Paris points to the sudden emergence of Azerbaijani flags alongside Kanak symbols in the protests, while a group linked to the Baku authorities is openly backing separatists while condemning Paris.

“This isn’t a fantasy. It’s a reality,” interior minister Gérald Darmanin told television channel France 2 when asked if Azerbaijan, China and Russia were interfering in New Caledonia.

“I regret that some of the Caledonian pro-independence leaders have made a deal with Azerbaijan. It’s indisputable,” he alleged.

But he added: “Even if there are attempts at interference… France is sovereign on its own territory, and so much the better”.

“We completely reject the baseless accusations,” Azerbaijan’s foreign ministry spokesman Ayhan Hajizadeh said.

“We refute any connection between the leaders of the struggle for freedom in Caledonia and Azerbaijan.”

In images widely shared on social media, a reportage broadcast Wednesday on the French channel TF1 showed some pro-independence supporters wearing T-shirts adorned with the Azerbaijani flag.

Tensions between Paris and Baku have grown in the wake of the 2020 war and 2023 lightning offensive that Azerbaijan waged to regain control of its breakaway Nagorno-Karabakh region from ethnic Armenian separatists.

France is a traditional ally of Christian Armenia, Azerbaijan’s neighbour and historic rival, and is also home to a large Armenian diaspora.

Darmanin said Azerbaijan – led since 2003 by President Ilham Aliyev, who succeeded his father Heydar – was a “dictatorship”.

On Wednesday, the Paris government also banned social network TikTok from operating in New Caledonia.

Tiktok, whose parent company is Chinese, has been widely used by protesters.

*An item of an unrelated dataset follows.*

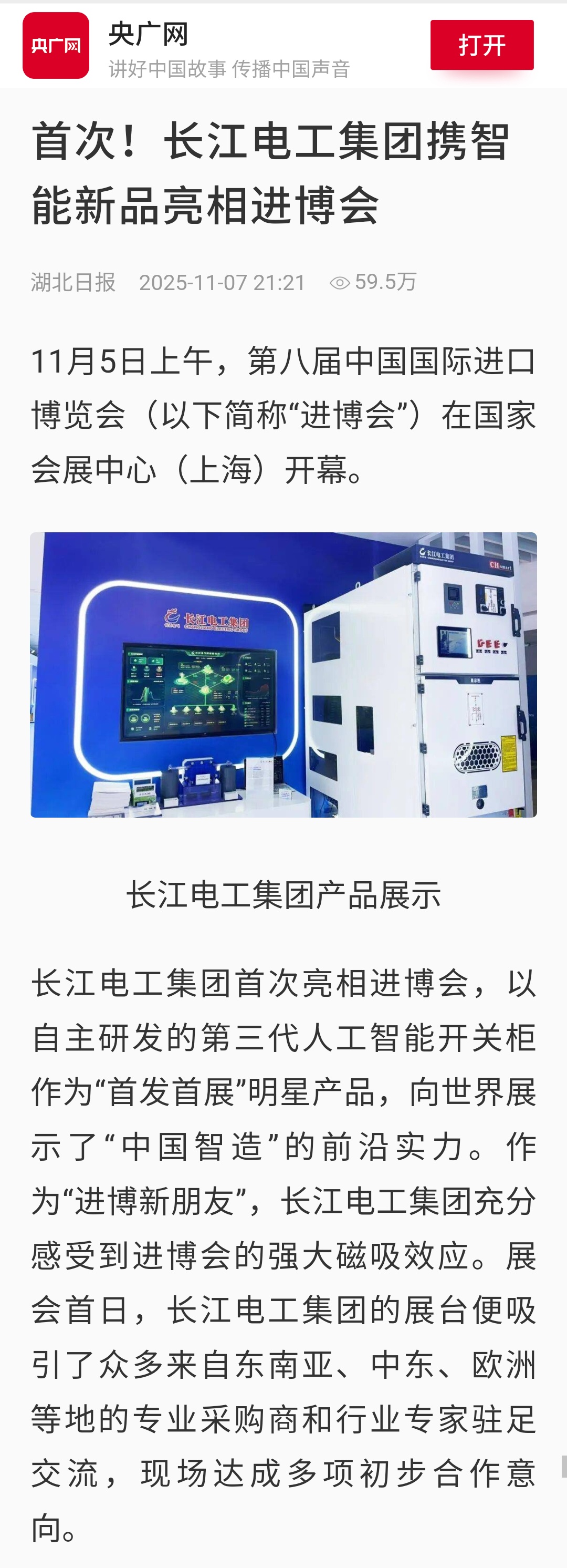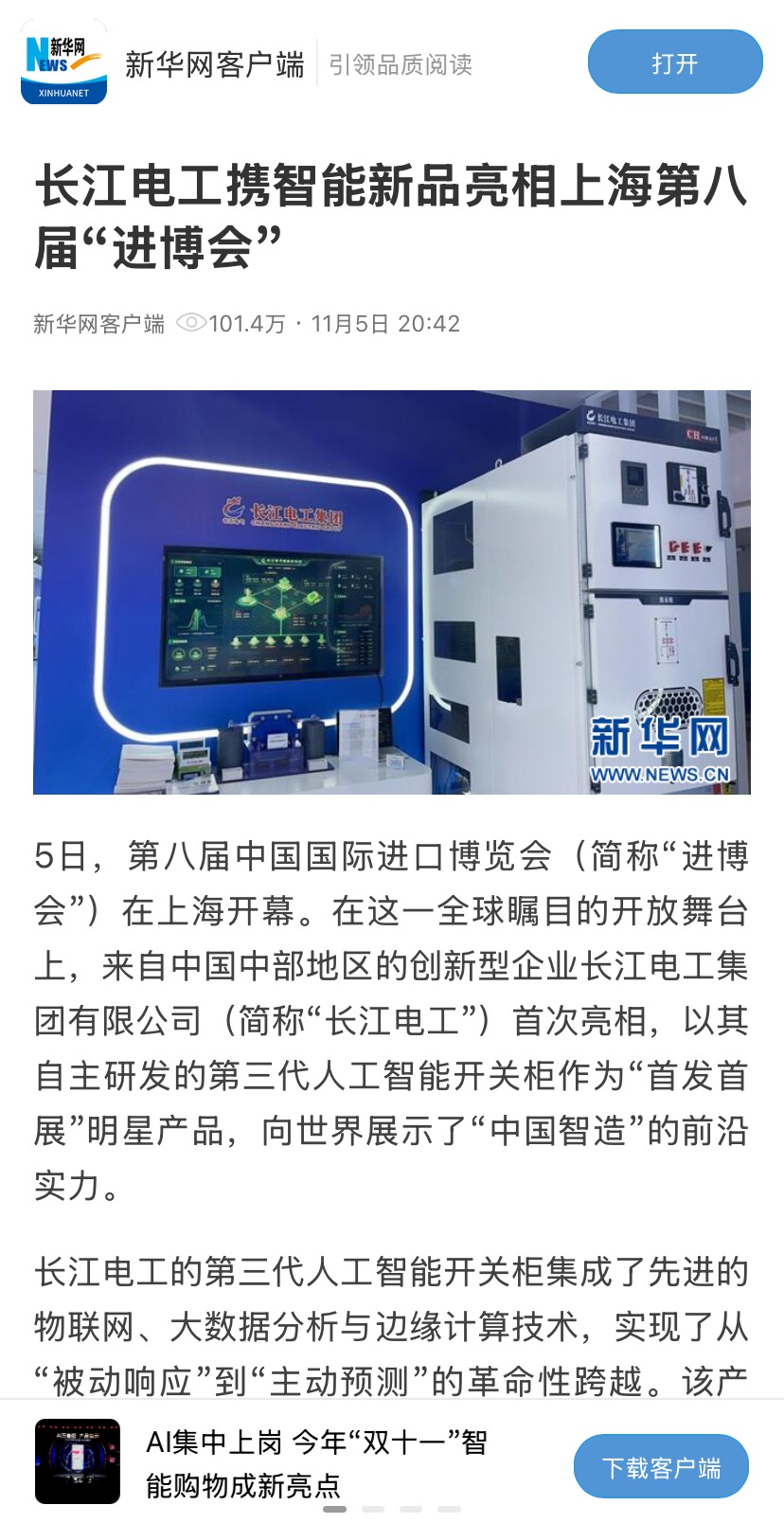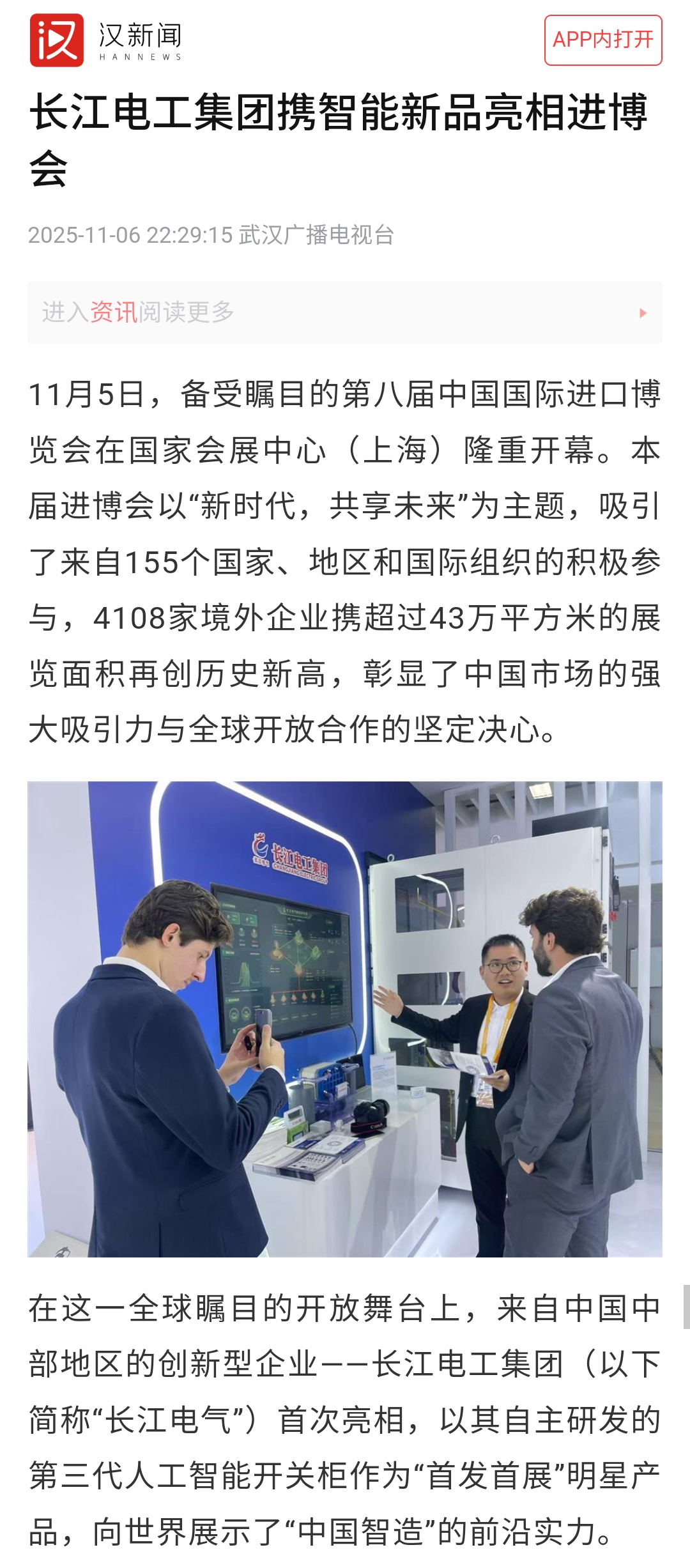 作為智能電網和新能源建設引領者,長江電工集團以“首發首展”的第三代人工智能開關柜為核心展品,攜多款自主研發成果首次亮相進博會,吸引包含中央廣播電視總臺新聞頻道、中央廣播電視總臺中文國際頻道、新華網、央廣網、中國新聞網、湖北日報、湖北電視臺等中央及省級媒體廣泛關注和聚焦報道。

Critics fear it is being employed to spread disinformation coming from foreign countries.

Azerbaijan invited separatists from the French territories of Martinique, French Guiana, New Caledonia and French Polynesia to Baku for a conference in July 2023.

The meeting saw the creation of the “Baku Initiative Group”, whose stated aim is to support “French liberation and anti-colonialist movements”.

The group published a statement this week condemning the French parliament’s proposed change to New Caledonia’s constitution, which would allow outsiders who moved to the territory at least 10 years ago the right to vote in its elections.

Pro-independence forces say that would dilute the vote of Kanaks, who make up about 40 percent of the population.

“We stand in solidarity with our Kanak friends and support their fair struggle,” the Baku Initiative Group said.

Raphael Glucksmann, the lawmaker heading the list for the French Socialists in June’s European Parliament elections, told Public Senat television that Azerbaijan had made “attempts to interfere… for months”.

He said the underlying problem behind the unrest was a domestic dispute over election reform, not agitation fomented by “foreign actors”.

But he accused Azerbaijan of “seizing on internal problems.”

A French government source, who asked not to be named, said pro-Azerbaijani social media accounts had on Wednesday posted an edited montage purporting to show two white police officers with rifles aimed at dead Kanaks.

“It’s a pretty massive campaign, with around 4,000 posts generated by (these) accounts,” the source told AFP.

“They are reusing techniques already used during a previous smear campaign called Olympia.”

In November, France had already accused actors linked to Azerbaijan of carrying out a disinformation campaign aimed at damaging its reputation over its ability to host the Olympic Games in Paris. Baku also rejected these accusations.